REPUBLIKA.CO.ID, JAKARTA -- Ketahanan pangan negara makin digerogoti seiring dengan gempuran produk pangan impor. Sebagian besar komoditas pangan dipenuhi dari impor, hanya beras yang dirasa cukup banyak untuk memenuhi kebutuhan nasional. Padahal berkaca dari masa lalu, sektor pertanian digenjot melalui pendekatan produksi. "Mulai dari pupuk, pestisida, semua mengarah agar produksinya maksimal," ujar Ketua Kajian Strategis Nasional Serikat Petani Indonesia (SPI) Achmad Yakub, Kamis (10/10).
Dengan alasan produksi pula, pemerintah lalu menjalin kerja sama dengan negara lain untuk membangun sektor pertanian. Dibuatlah perjanjian-perjajian kerjasama yang sekilas tampak menguntungkan. Indonesia pun masuk sistem tata niaga yang sudah diatur oleh negara-negara maju.
Seolah terkena euforia, pemerintah lalu asyik membina hubungan dagang dengan berbagai negara. Berbagai fasilitas dikerahkan, mulai dari pengurangan bea masuk, tarif, akses diperluas, asalkan negara lain mau diajak bermitra. Pemerintah getol betul mencari referensi strategi dari negara-negara industri maju seperti Amerika, Eropa, Jepang dan Taiwan. Namun akhirnya kita terjebak pada sisi industrialiasasi non pertanian daripada membuat sektor pertanian lebih berdaya. Misalnya, kita terpaku pada penyediaan alat berat dan alat pendukung pertanian.
Indonesia pun terlihat nyaman dianggap sebagai pasar produk pangan. Apalagi kondisi perekonomian kita sedang berkembang. Celakanya lagi, Indonesia tidak punya strategi yang konkrit mengenai pembangunan pertanian dan pangan. Padahal sebagai negara agraris, sepatutnya Indonesia bergerak leluasa membangun perekonomian dengan pula mempertimbangkan aspek lingkungan.
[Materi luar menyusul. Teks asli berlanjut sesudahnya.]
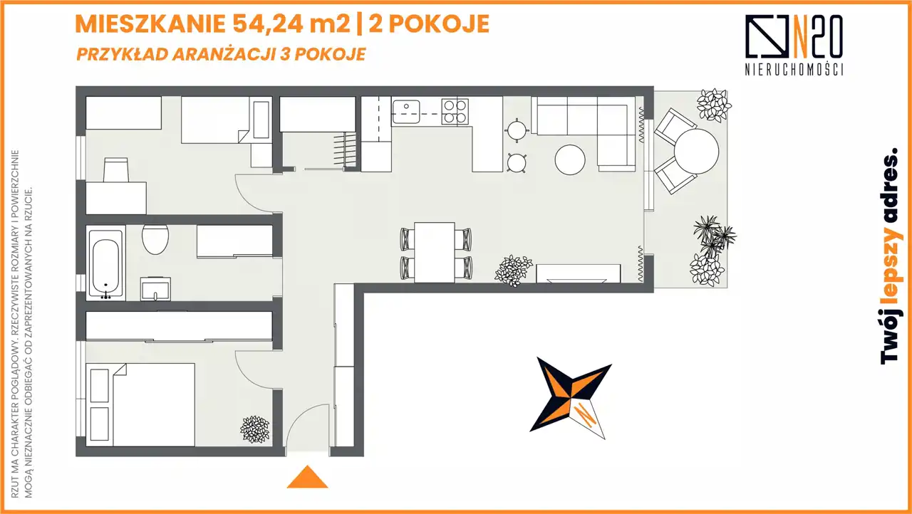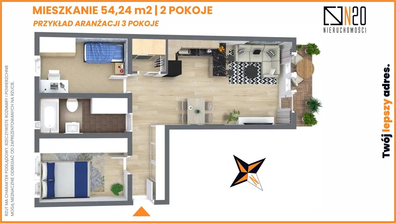 - Charakterystyka mieszkania 54.24 m2, 3 pokoje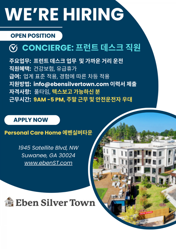 구인 ✉ 에벤실버타운: Concierge-프런트 데스크 직원, 남녀노소 무관✉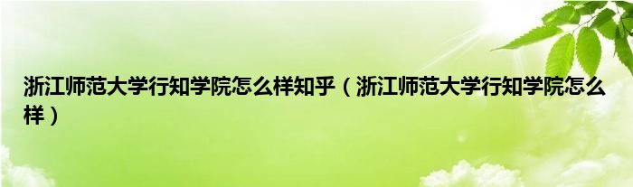以上就是【浙江师范大学行知学院怎么样知乎,浙江师范大学行知学院怎么样】相关内容。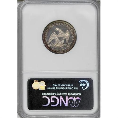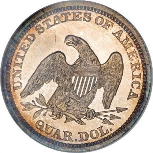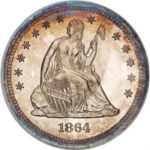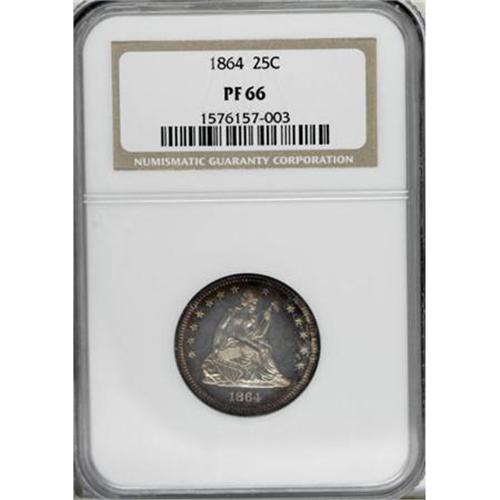 <B>1864 25C PR66 NGC.</B></I> Although not designated as such, this is a lovely cameo proof with light ivory color at the centers, framed by deeper russet, lilac, and blue at the borders. Few finer examples of the date have been certified. In fact, the No Motto design type is seldom encountered in grades finer than this piece. Census: 9 in 66, 5 finer (1/08).<BR><BR><B>Coin Engraver:</B> Christian Gobrecht<BR><BR><b>Shipping:</b> Coins & Currency (<a target="_blank" href="http://www.heritageauctions.com/common/shipping.php">view shipping information</a>)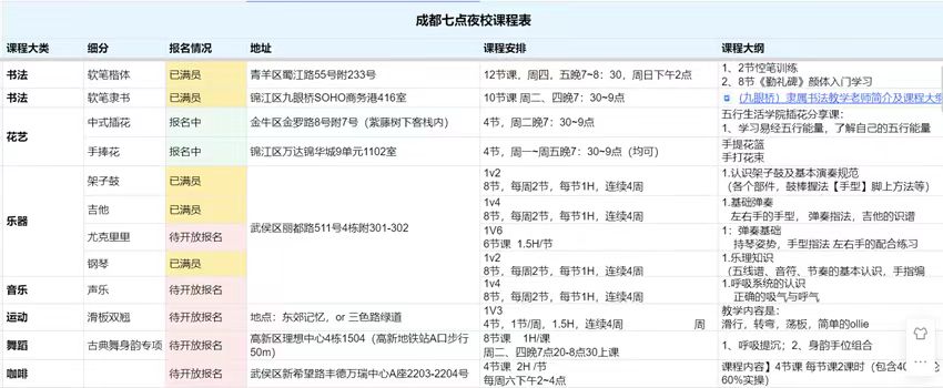 五花八門(mén)的副業(yè)她都嘗試過(guò),目前比較穩(wěn)定、收入占比最大的是去年11月開(kāi)始做的夜校。那段時(shí)間,年輕人上夜校的話(huà)題火爆,她發(fā)現(xiàn)成都還沒(méi)有,于是第一個(gè)在成都建起夜校社群,以組團(tuán)的人數(shù)優(yōu)勢(shì)去找商家談低價(jià)課,類(lèi)似于興趣班的拼多多,目前社區(qū)差不多有5000人。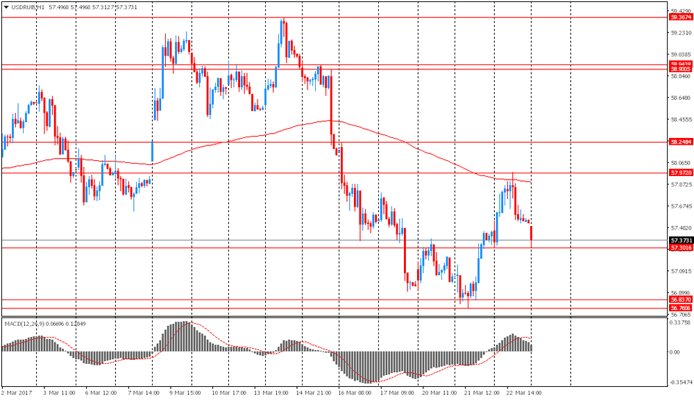 На открытие торгов пара USD/RUB упала на 20 копеек к отметке ₽57.30. В целом USD/RUB находится в нисходящем канале, поэтому лучше присматриваться к продажам пары на коррекциях. Поддержку этому сценарию оказывает также общее снижение доллара против большинства основных валют. Ближайшим сопротивлением по паре выступает вчерашний максимум 17 марта - ₽57.95 (MA 200 H1).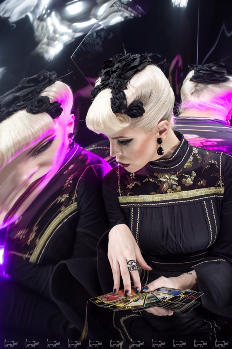 Шляпа, чокер, боди, юбка и пояс Arsenicum by Dmitry Loginov (шоу-рум Apartment 26), серьги Ellen Conde (шоу-рум Apartment 26), кольца H&H (Air), вуаль

Berdasarkan kajian SPI, pemerintah bisa membenahi sektor pertanian dengan pendekatan kesejahteraan petani. Salah satu caranya bisa dengan mengembangkan badan usaha milik petani di kabupaten, dimana ada unit khusus pengolahan bahan baku. Misalnya, ada unit untuk pengolahan kentan menjadi bahan jadi atau untuk mengolah cabe mentah menjadi saus sambal. Lalu generasi muda di desa juga diajarkan metode direct selling (penjualan langsung) agar distrubusi lancar. "Jadi ada penyerapan tenaga kerja," katanya.
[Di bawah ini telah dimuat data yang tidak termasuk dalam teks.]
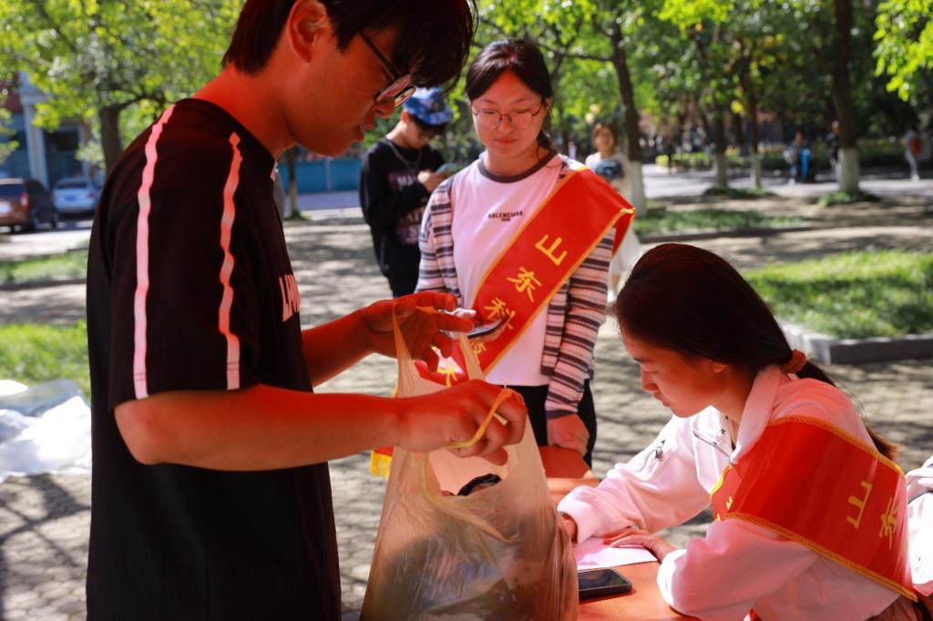 活动现场,同学们将一箱箱、一袋袋装满旧衣物的包裹整齐捐赠至志愿服务部。志愿者团队协助进行衣物分类、整理和打包,确保捐赠衣物的质量和整洁度。衣物回收后经过专业处理,或捐赠给需要的人,或转化为再生材料,从而提高资源的有效利用率。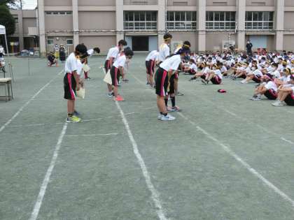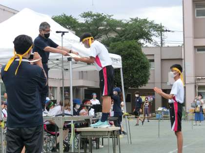 各学年の優勝、準優勝クラスが表彰されました。また、部活動対抗リレー優勝のサッカー部、陸上競技部も表彰されました。なお、各種目の個人賞は後日表彰いたします。この表彰式のあと体育委員の閉会の言葉で運動会は終了いたしました。緊急事態宣言下での開催で例年より規模を縮小しながらも無事に終了することが出来ました。これも、ひとえに保護者の皆様のご理解とご協力があってからこそと感謝しております。ありがとうございました。今後ともなお一層本校の教育活動にご理解とご協力をいただけますようお願い申し上げます。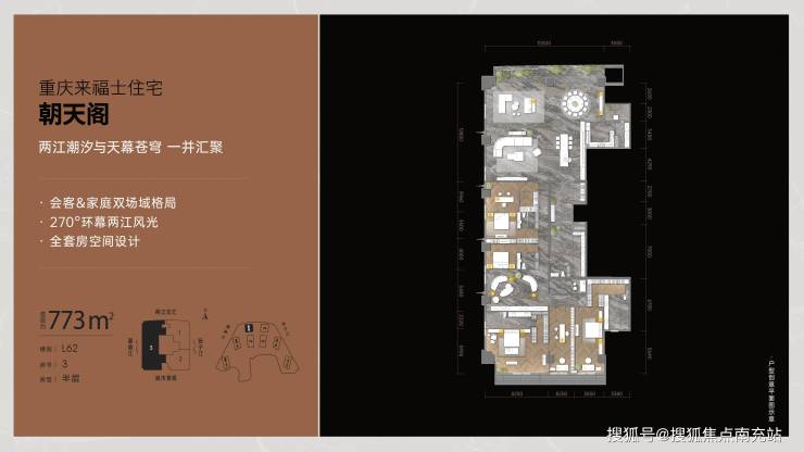 2、全球坐标住宅:350米世界高度,为重庆列席世界坐标之林,东半球最高住宅长江第一阁!凯德集团x摩西·萨夫迪瑰丽之作,汤臣一品同设计师梁志天、周迅同款明星御用私宅设计师周光明亲自操刀朝天阁交标、150年阅历P&T香港巴马丹拿、自由女神像灯光顾问BPI、悉尼歌剧院设计团队ARUP等全球30余顶尖设计天团,联袂钜作世界塔尖资产。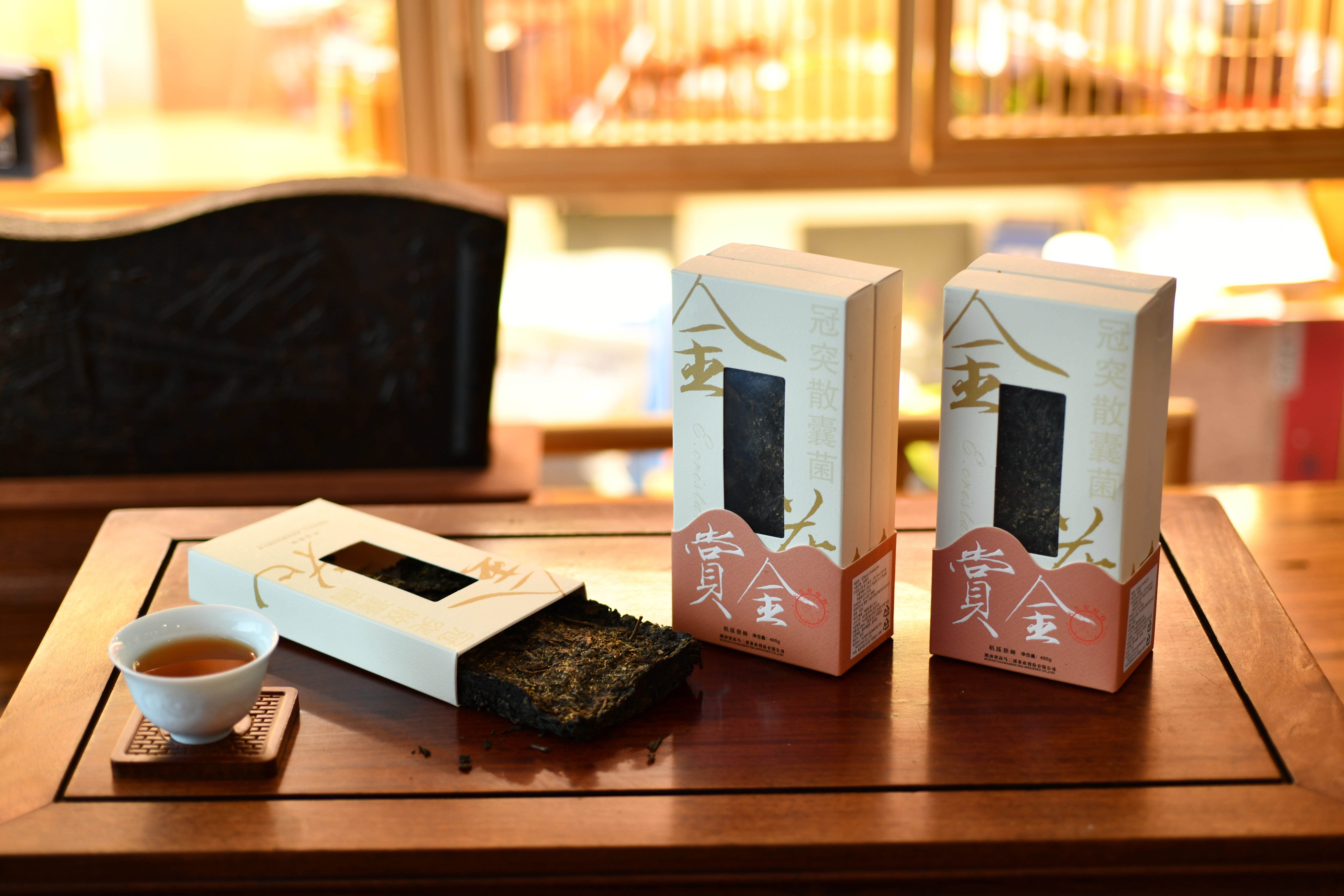 복전차의 압착 공정은 기본적으로 위 두 차와 비슷하지만, 가장 큰 차이는 ‘발화(發花)’, 즉 ‘금화(金花)’의 생성 과정입니다. 금화는 특정 미생물(관돌산낭균, Eurotium cristatum)이 번식하여 형성하는 황금색 포자낭으로, 복전차의 품질을 결정짓는 핵심 요소입니다.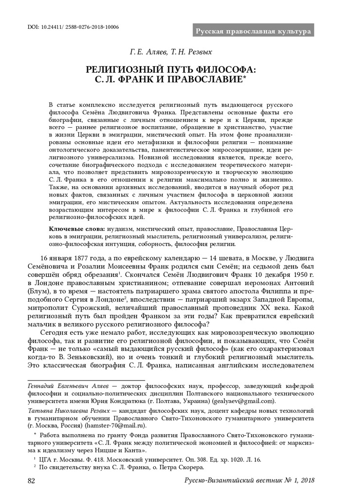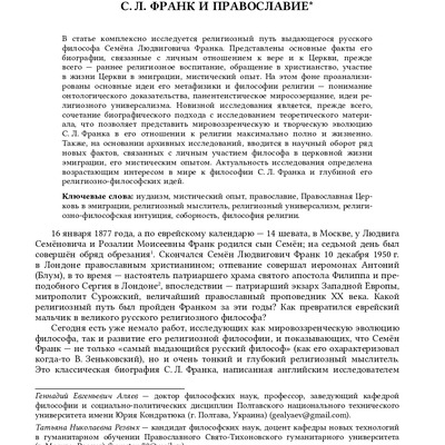 Религиозный путь философа: С. Л. Франк и православие

Apabila pendekatan produksi masih ingin diterapkan, maka pemerintah seharusnya menyediakan fasilitas berupa harga dasar untuk semua komoditas pertanian. Tanpa harga dasar yang layak, petani akan terus enggan menggenjot produksi. Selain itu perlu ada proteksi lahan pertanian agar tidak dikonversi menjadi bentuk lain. Tanpa serangkaian jaminan tersebut, jangan heran petani rela menjual tanahnya untuk membangun properti ketimbang digarap untuk kebutuhan pangan nasional.